Le kiwi est dans le commerce un fruit récent. Ce n'est que dans la deuxième moitié du XXe siècle que les néo-zélandais eurent le trait de génie de l'affubler du nom du plus célèbre représentant de leur faune locale. Jusque là, cette délicatesse n'avait alors de nom que savant – Actinidia Deliciosa – ou approximatif: groseille de Chine. Résultat: pour le commun des mortels, le kiwi est néo-zélandais, alors que son berceau d'origine est bien la vallée du Yang-Tsé-Kiang, en Chine. Avec ce même savoir-faire, les néo-zélandais ont ouvert le marché et fait de ce fruit un habitué de vos rayons. Véritable bombe de vitamines, riche en minéraux et offrant un apport calorique modeste, il est un rêve de diététicien. Et un plaisir pour le consommateur, qui a le choix entre les variétés vertes et les variétés jaunes plus récentes, qui ont eu le mérite de dynamiser un marché aujourd'hui plutôt morose.

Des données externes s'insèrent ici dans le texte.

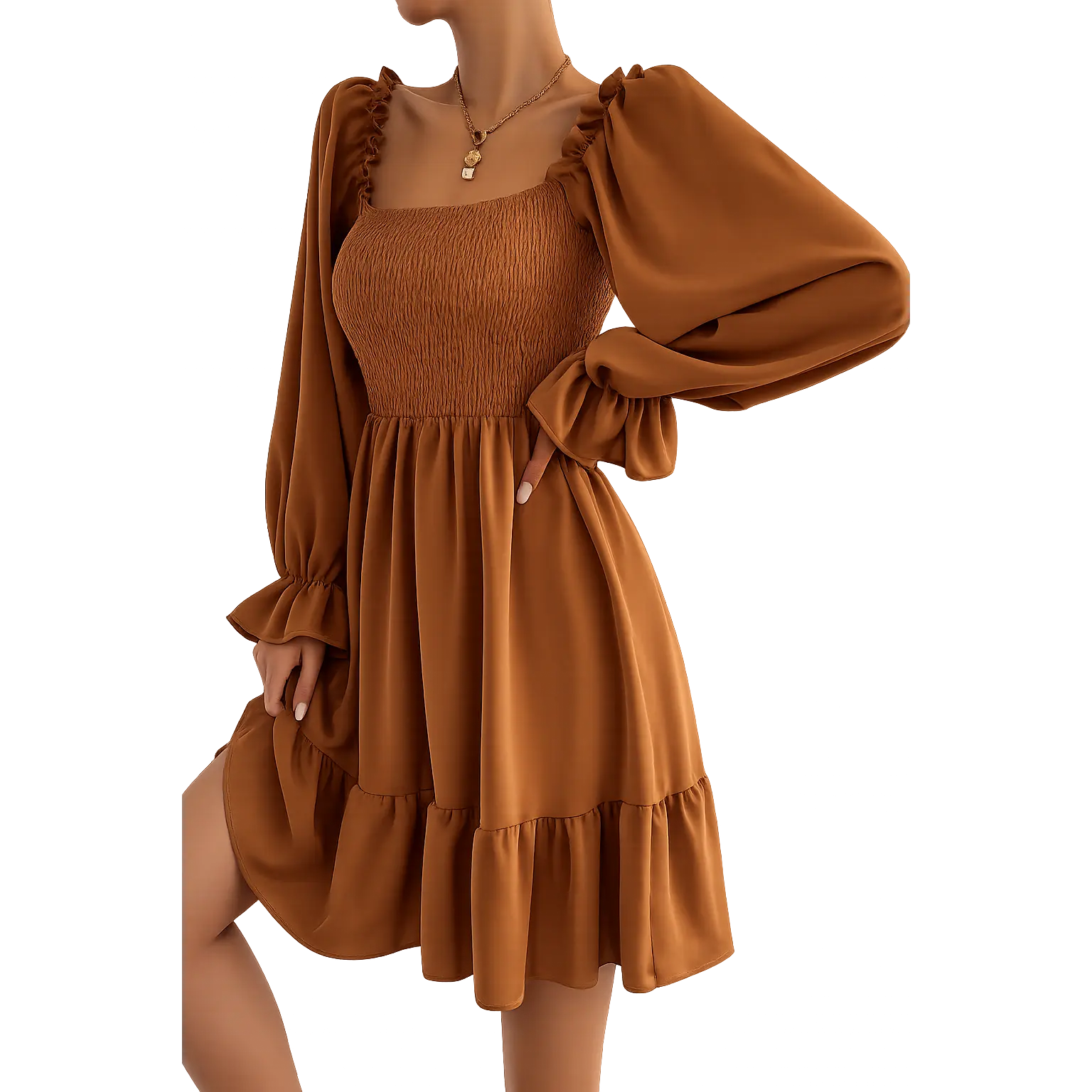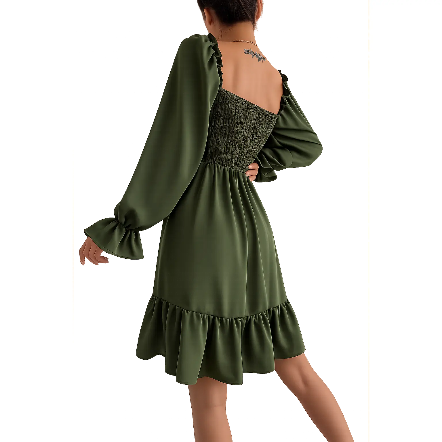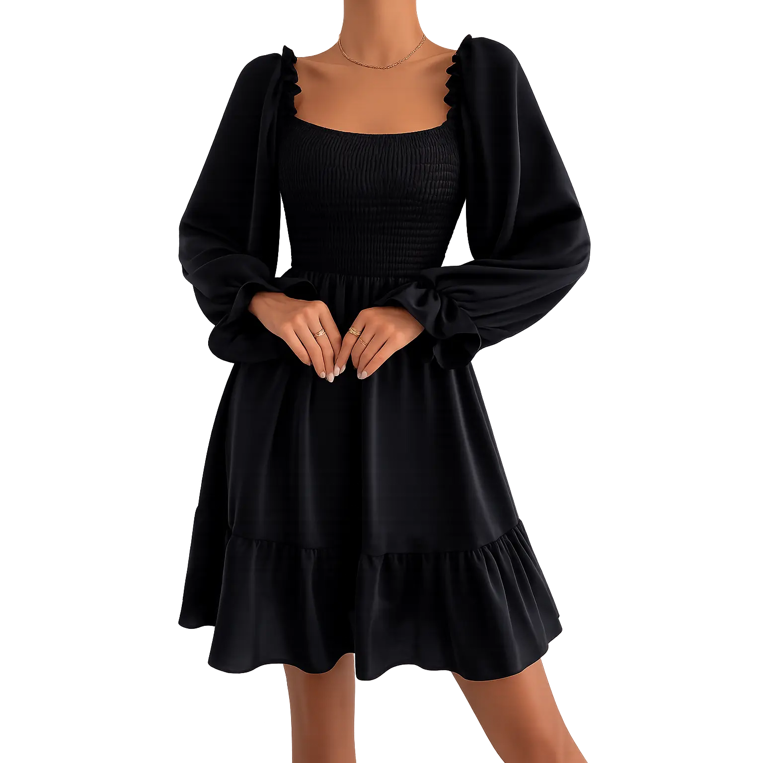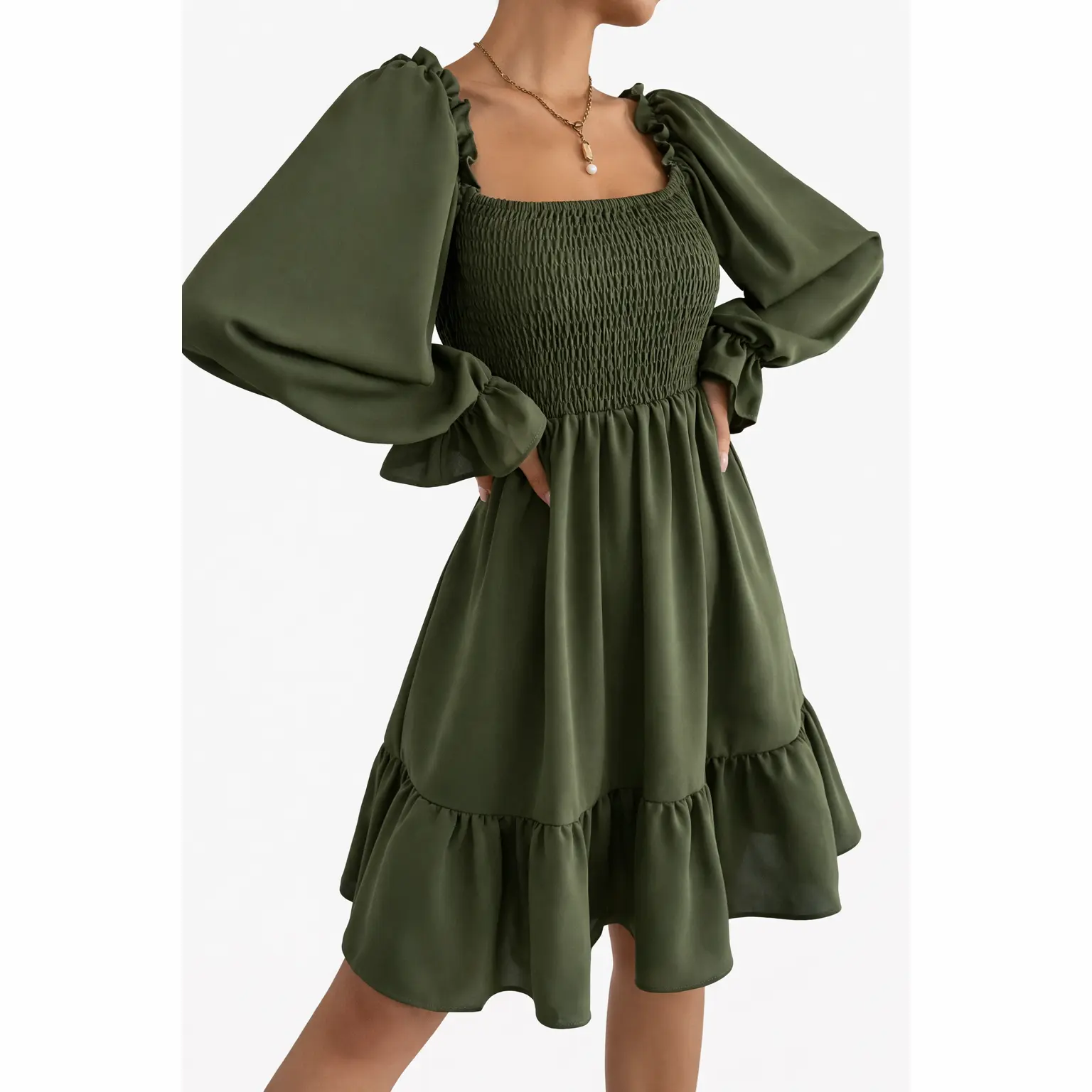 2026 Spring and Summer Leisure Solid Color Square Collar Long Sleeve Waist-Cinched A-Line Skirt

Pas étonnant dès lors qu'il ait trouvé sa place dans le panier, en encourageant l'extension de son aire de production. Les principaux pays producteurs? Italie, Nouvelle-Zélande, Chili, Grèce et France. Sur le marché mondial, la première ligne de fracture est celle des saisons: les fruits de l'hémisphère sud sont disponibles d'avril-mai à octobre-novembre. Les kiwis de l'hémisphère nord prennent le relais d'octobre-novembre jusqu'à juin. Et la bagarre est féroce: tous ces pays producteurs sont présents à l'export sur les marchés de leur concurrents. Ajoutez-y l'effet "d'overlapping" entre les productions du nord et du sud, où la couture n'est jamais franche, et vous comprendrez que les prix soient sous pression. Ce qui nous amène à la deuxième fracture, celle qui tend à segmenter l'offre en fruits "premier prix" (un axe surtout choisi par l'Italie et la Grèce) et en kiwis haut de gamme. Un segment qualitatif où la Nouvelle-Zélande occupe le terrain dans l'hémisphère sud (en été), et où la France s'organise aujourd'hui pour tenir la corde au nord en hiver.
French touchEn tête des plus gros importateurs de kiwis figurent... la Belgique et l'Espagne. Deux pays de connaisseurs, ainsi que le confirme Julien Pédelucq, un producteur français dont nous avons recueilli le témoignage: "La Belgique et l'Espagne sont deux marchés de choix, des pays où les consommateurs voulaient les plus beaux fruits. Mais l'accélération de la crise tend à les ramener vers les pratiques des autres marchés export, où l'on achète d'abord un prix." Hors de question pourtant de participer à cette dévalorisation du produit. Monsieur Pédelucq illustre bien l'orientation prise par les producteurs français.
Dans sa vallée de l'Adour, il commercialise sous la marque Sikig des fruits axés sur la qualité. Un état d'esprit partagé dans la filière française et les différents terroirs où elle s'exprime: essentiellement le Sud-Ouest, la Vallée du Rhône et la Corse. Et la qualité, celà commence par la date de récolte. Une fois cueilli, le kiwi se conserve longtemps, s'il est stocké dans de bonnes conditions. Mais quand le récolter? "La filière francaise du kiwi est la première et la seule à avoir imposé des dates de ramassage en fonction du taux de sucre, et celles-ci sont beaucoup plus tardives que dans les autres pays européens. Aucun fruit français n'a cette année été récolté avant le 6 novembre, alors que l'Italie a démarré entre fin septembre et début octobre. Cette discipline commune permet une présence nettement plus importante de matière sèche, gâge de goût et de sucre." La démarche de qualité touche aussi les conditions de culture ou de traitement, ainsi que la recherche et sélection de plants résistants à une bactériose, la Ps (Pseudomonas syringae), un fléau qui ravage déjà les vergers italiens et néo-zélandais.
Décidé à bien faire, le kiwi français entend le faire savoir. La filière a donc entrepris un vaste effort de communication pour sensibiliser le marché, et développé un label identifiant les fruits de sa production pour mieux fidéliser le consommateur à origine. Résumons: le kiwi français veut se faire un joli prénom. On en revient toujours avec ce fruit à des questions de patronyme. La preuve: l'arbre porteur n'a toujours pas trouvé le sien. Toutes les propositions sont bienvenues.